The major thrust of the reforms is, however, on education and health sectors where a number of measures coupled with policy initiatives have been taken to improve the overall service delivery and pass on maximum benefit to the poor.

Education Department officials say that the overall education profile has improved as the Gross Enrolment Ratio (GER) for the primary stage shows an increase of 81-83 per cent at the base-line which has to reach 85 per cent target within specified time-period. Similarly, measures for expanding equitable access to education have also brought positive changes showing a rise of enrolment from under 3.2 million in 2004-05 to over 3.5 million in 2006-07.

The monthly stipends for girls in grades 6-10 in seven districts with middle and secondary enrolment rates which were below 12 per cent show an increase of 5-10 per cent.

The government has also converted Parent Teachers’ Association (PTAs) into Parent Teachers’ Councils (PTCs) with more fiscal and administrative authority allowing them to use development funds. Moreover the government has also initiated partnership agreements between the provincial and district governments that will have far-reaching impact on the access and quality of education.

The focus of second-phase reforms is on quality improvement, particularly at the elementary stage for which purpose two separate plans--Teacher Development Framework and Sector Plan--have been put in place.

These plans are considered as an integrated package for expansion of access, quality improvement and strengthening of institutional and management capacity.

Health sector is the second priority wherein a number of initiatives, focusing on improving the quality of primary and secondary health care services, have been taken. Moreover, minimum quality care standards have been set, providing a baseline for future improvement in the health system.

But there are some problems too. The World Bank while commenting on these reforms said: “Two of the three models of innovation including increasing management authority, performance based incentives in the public sector are yet to be approved six months after the first appraisal. It is crucial for these models to be approved and implementesd or else the whole approach to test innovative models is likely to fail.”

Initiatives for promoting private sector-led economic growth have been strengthened by forming an Investment Facilitation Council to be chaired by the chief minister and an Investment Facilitation Committee to be headed by the Chief Secretary.
Officials at Industries Department say the management control of all the 16 industrial estates have been transferred to the private sector, which have showed an improvement in management and an increase in revenue collection. Progress has also been witnessed in the key policy area of mining, as the government has notified the appointment of mine magistrates in 20 districts.

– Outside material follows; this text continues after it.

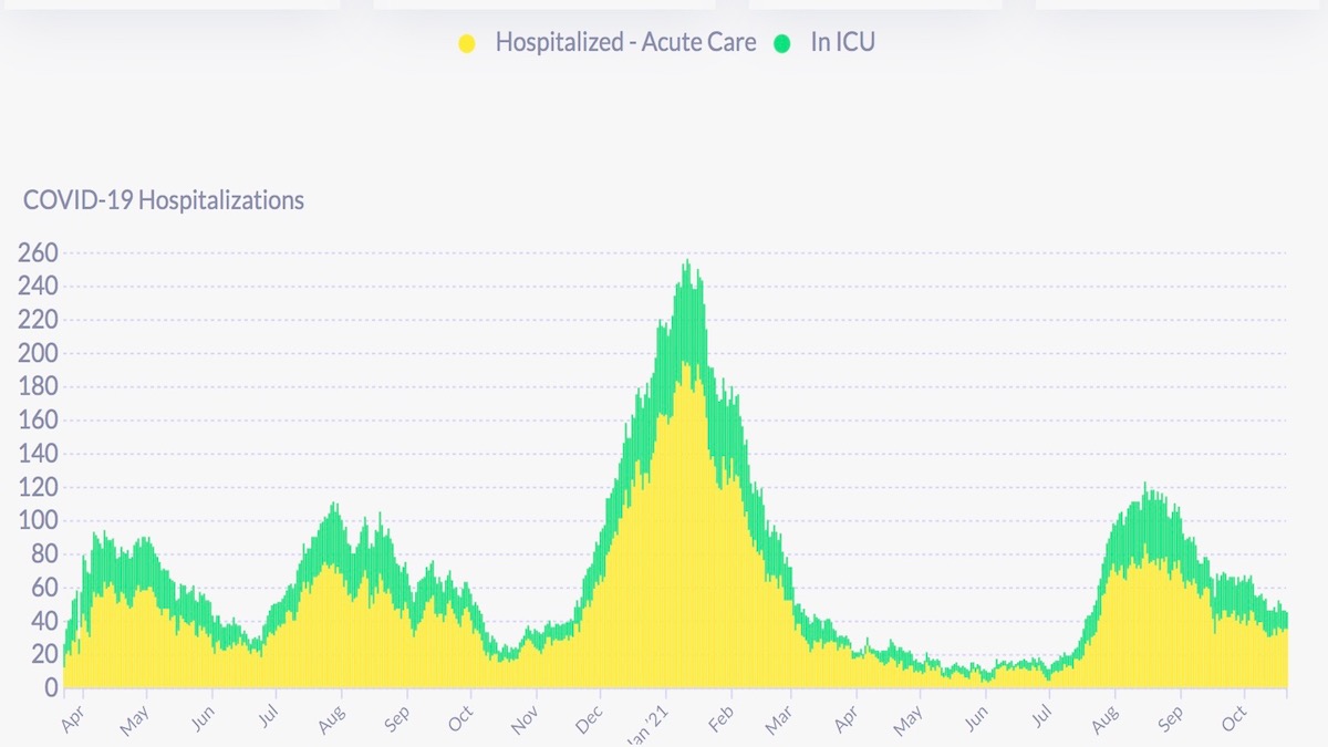 On Oct. 21, DPH reports there were 45 covid hospitalizations,Ā or aboutĀ 5.1 per 100,000 (based on an 874,000 population). Only 10 of those were in ICU. DPH has not reported breakthrough hospitalizations and deaths since Sept. 17.Ā According to the CDC, there were 38 new admissions for the seven days ending Oct. 22Ā (-11.63 percent from the previous seven days). For the week ending Oct. 22, covid patients accounted for 2.58Ā percentĀ of hospital beds (no change from the previous week) andĀ 5.01 percentĀ of ICU beds (-1.38 percent from the previous week).Ā Ā As of Oct. 18, the CDC says that, of more than 189 million vaccinated U.S. residents, 41,127 patients with a covid vaccine breakthrough infection were hospitalized or died (though 26 percent were either aymptomatic or not covid related). Note: 85 percent of the deaths and 66 percent of the non-fatal hospitalizations were among those 65 and older.

The overall fiscal sustainability of the reform programme seems to be robust, with the budget deficit for current fiscal year within the agreed limits of the Medium Term Budgetary Framework (MTBF). However, the procurement reforms has not been fast enough. A high-level delegation of the World Bank is expected to visit the provincial capital sometime in December to review the government performance and work out the modalities for the next tranche of budgetary support for the reforms.